Propos recueillis par Estéfany

* Le LLTS correspond au logement locatif très social, le LLS au logement locatif social. Le PLS, déjà appliqué en Métropole, est un produit locatif intermédiaire dont on ne connaît pas encore les critères locaux d’application.
** La vocation du CILR est de fournir des logements sociaux aux salariés des entreprises qui cotisent au 1% Logement. Cependant, le problème est tellement crucial à La Réunion que le LES constitue une grande part de l’activité du CILR.


Mayotte : grave crise du logement

Prestations sociales faible et abus de certains couples : le logement social est nécessaire, mais le LES semble difficilement applicable.

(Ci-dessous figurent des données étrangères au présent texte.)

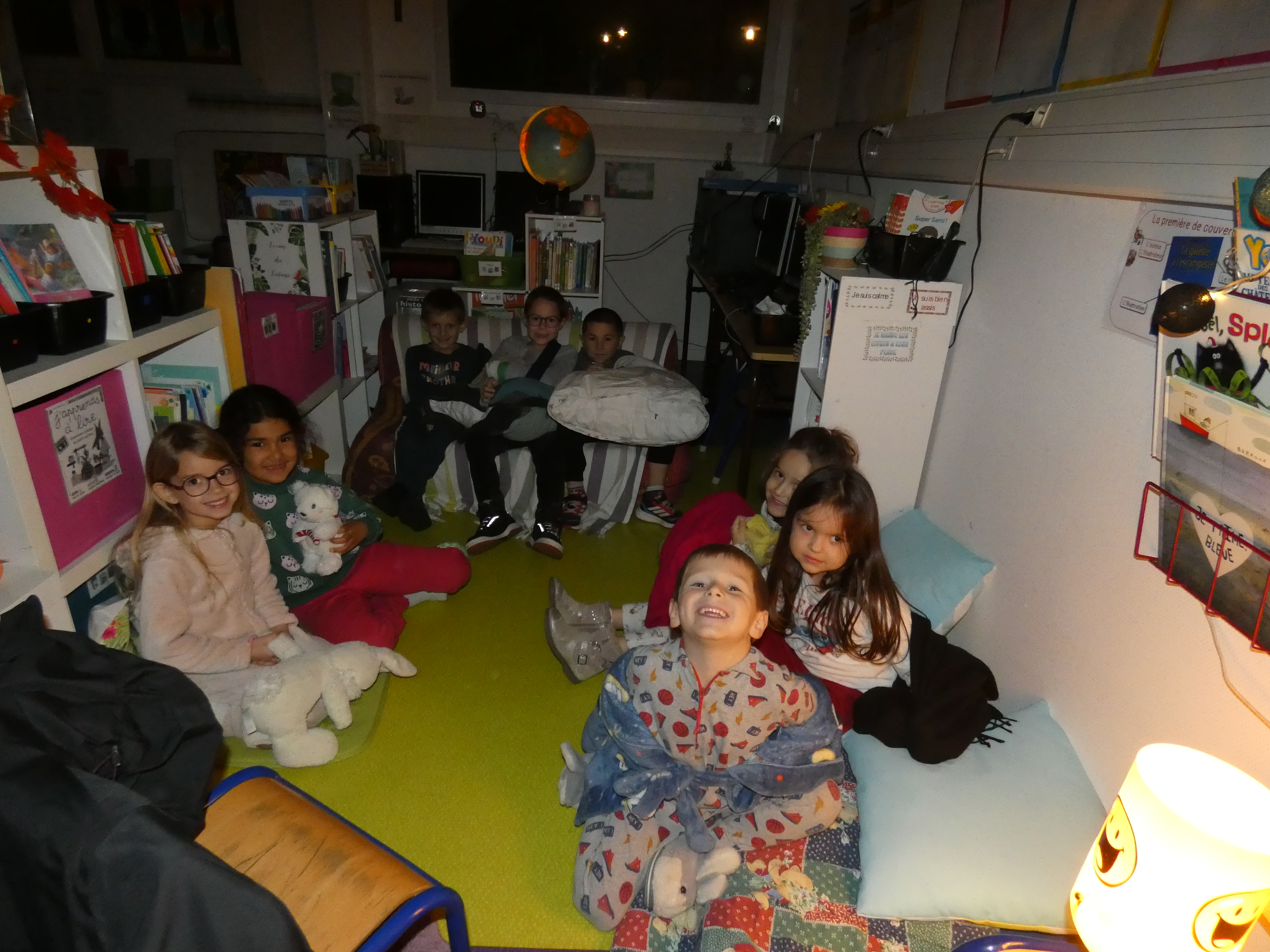 Les enfants étaient ravis de se retrouver autour d’un livre mais c’était surtout l’occasion de découvrir les classes dans la pénombre, de voir les enseignants en pyjama et surtout, de partager un bon avec les copains.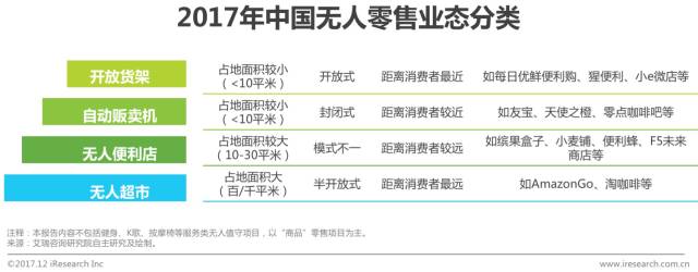 从形态上看,1)自动贩卖机出现的时间较早,目前覆盖的品类也较多。主要以标准化产品为主,国内典型企业如友宝,主要放置在楼宇公共区域等半封闭式场景。2)开放货架出现相对较晚。2016年8月,小e微店在全国已经布下了1500多个网点。目前市场上也推出了大量的开放货架产品,主要放置在企业内部的封闭式场景。3)无人店类似于小超市或者便利店,主要是2016年12月之后开始迅速爆发,虽然之前也有企业开始耕耘无人零售,但市场的火热以国外的Amazon Go和国内的淘咖啡为起点和引爆点,巨头的行动带动了整体市场的快速推进。本报告盈亏平衡点、投资回报周期等财务测算部分以无人便利店作为研究对象,但市场规模包括开放货架、自动贩卖机和无人便利店三类。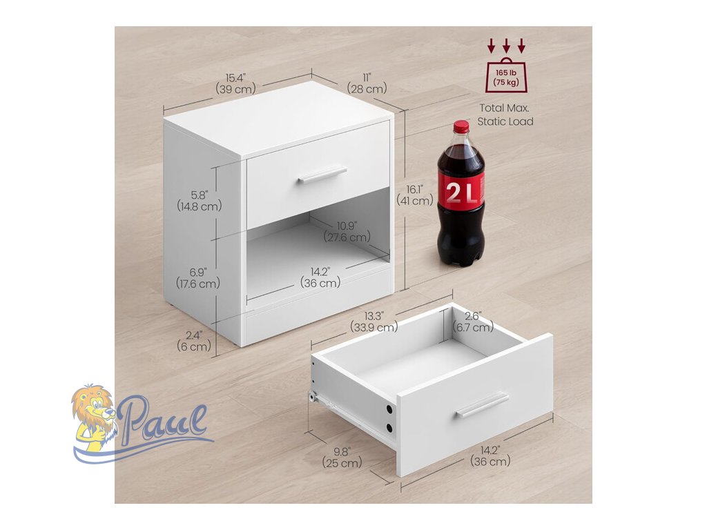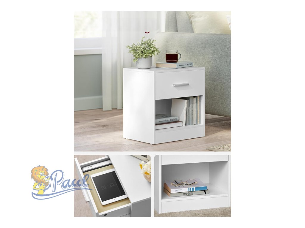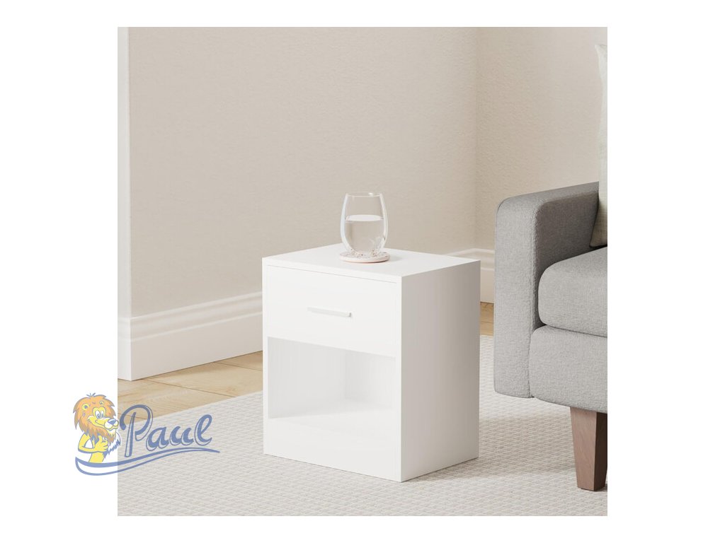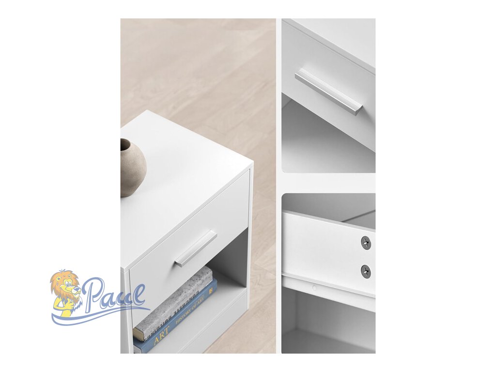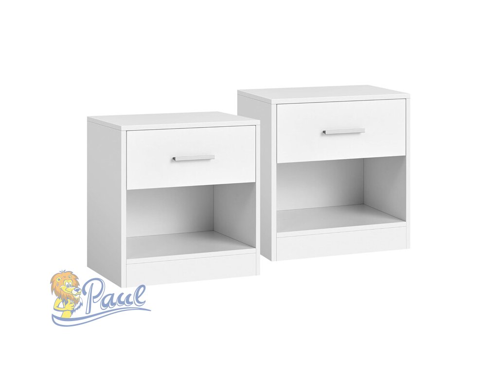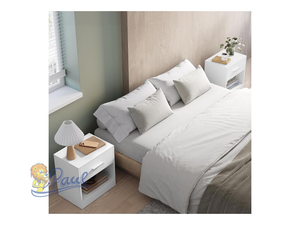 Sada dvou nočních stolků v bílém matném provedení je vyrobena z MDF desek, které zajišťují pevnost a snadnou údržbu. Každý stolek nabízí praktický úložný prostor v podobě zásuvky s kovovou úchytkou a otevřenou policí pod ní, což umožňuje pohodlné uspořádání drobností i knih. Kompaktní rozměry 39 × 28 × 41 cm umožňují snadné umístění vedle postele nebo v menších prostorách. Minimalistický design s čistými liniemi se hodí do různých stylů interiérů a díky kvalitnímu zpracování je sada navržena pro dlouhou životnost.Doplňkové parametry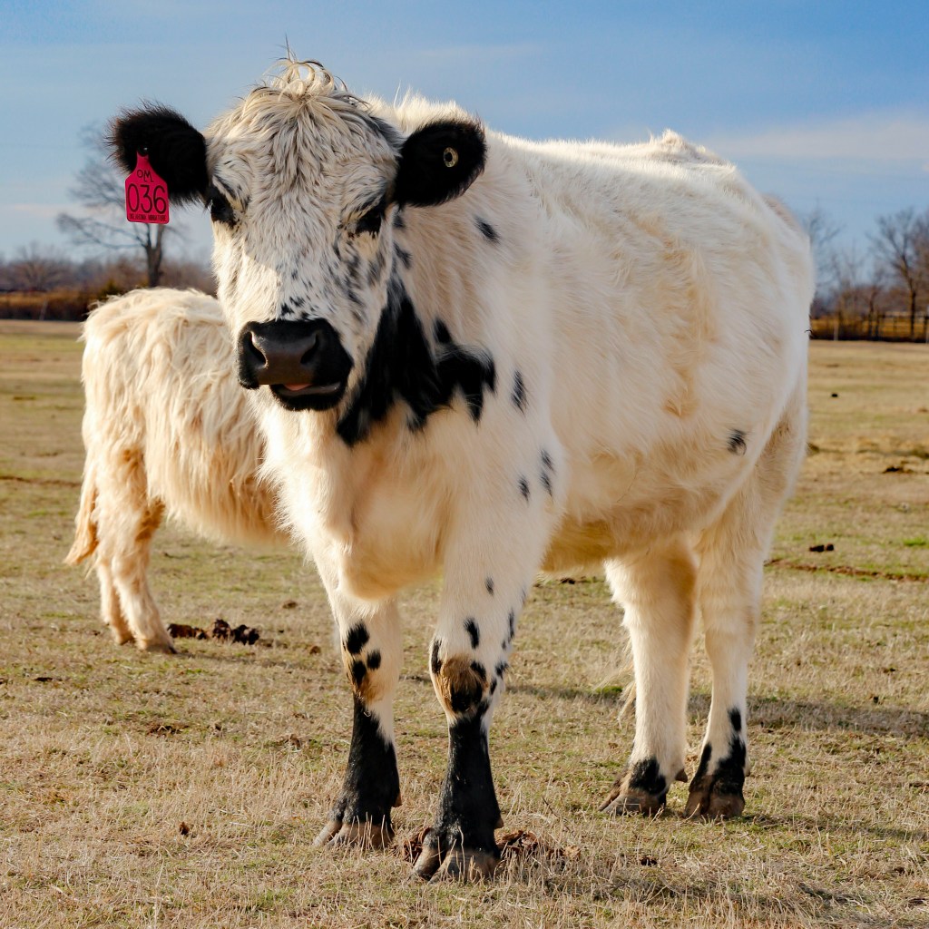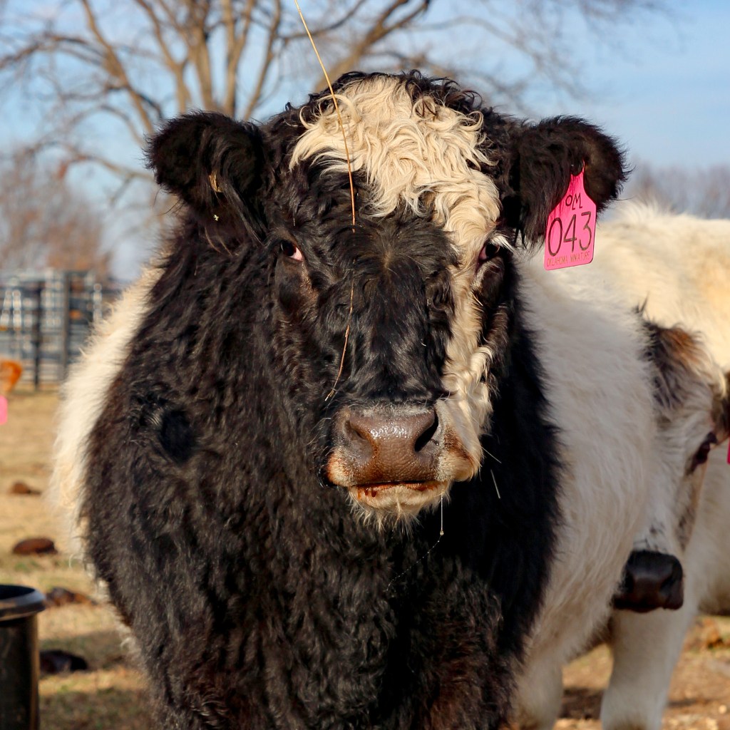 Kewpee is a wonderful example of an extremely furry Belted Galloway who seems to have had a love affair with a hay bale just before her photo was taken. She also resembles the cow version of Ziggy Stardust, adding a touch of rock star flair to our herd.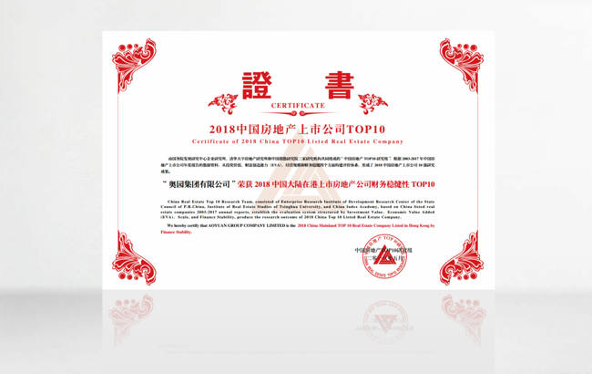 再获殊荣!意昂2荣获“2018中国大陆在港上市房地产公司财务稳健性TOP10”等多个奖项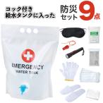 コック付き給水タンクに入った防災9点セット24セット 粗品 プチギフト 防災 震災 災害 非常用 備蓄 キャンプ 車内 グッズ 避難所 水 タンク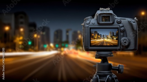 Night cityscape captured with a professional camera on a tripod showing illuminated buildings and blurred traffic lights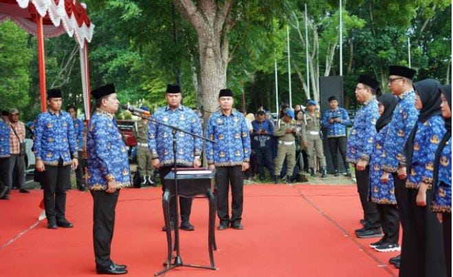 Banyuasin, newhanter.com– Bupati Banyuasin Dr. H. Askolani, S.H., M.H., melakukan rotasi sejumlah Pejabat Eselon II atau Pejabat Pimpinan Tinggi Pratama di lingkungan Pemerintah Kabupaten Banyuasin, Senin (20/10/2025). Setidaknya ada 17 Pejabat Tinggi Pratama yang dilantik yang dipusatkan di lapangan upacara Pemerintah Kabupaten Banyuasin.

À Mayotte, de nombreuses zones d’insalubrité sont encore à réhabiliter. Afin de soutenir cet effort, les représentants de l’ANPEEC et le directeur du CILR se sont rendus sur place la semaine dernière, afin d’étudier les éventuelles possibilités d’application du LES.

Mayotte dispose depuis le 13 juillet 2001 d’un nouveau statut de collectivité départementale. Bien que le développement des infrastructures de base ait permis depuis une quinzaine d’années l’essor économique de l’île, sa situation sociale reste particulièrement fragile. Pour y appliquer le Logement évolutif social, Richard Cachoux relève trois principaux problèmes : l’identité, le foncier, la précarité.
Les essais de logement social réalisés par la CASE SIM (Société d’économie mixte de Mayotte) révèlent certains abus de la part des couples mahorais qui, unis à la mosquée, n’ont pas d’existence maritale légale au sens de la loi française.

160.265 habitants sur 374 km2

Sans qu’un recoupement soit possible, chacun des membres du couple fait ainsi une demande de logement social et accède à deux logements pour une même famille. Généralement, elle occupe l’un et loue l’autre.
Le second problème rencontré à Mayotte, comme à La Réunion, reste le foncier. Selon les dernières données de l’INSEE, 160.265 habitants étaient recensés en 2002 pour une superficie totale (Petite Terre et Grande Terre) de 374 kilomètres carrés.
Enfin, le troisième problème qui entrave l’application du LES reste la précarité de la population. À Mayotte, "les prestations d’aides personnelles sont nettement inférieures" à celles qui ont cours à La Réunion et "la population a peu ou pas du tout de ressources", souligne Richard Cachoux.
Selon les chiffres récents de la Direction du travail, le SMIG horaire mahorais s’élève à 3,25 euros pour un SMIG mensuel brut de 549 euros. Dans ces conditions, il semblerait que la piste du LES soit difficilement applicable.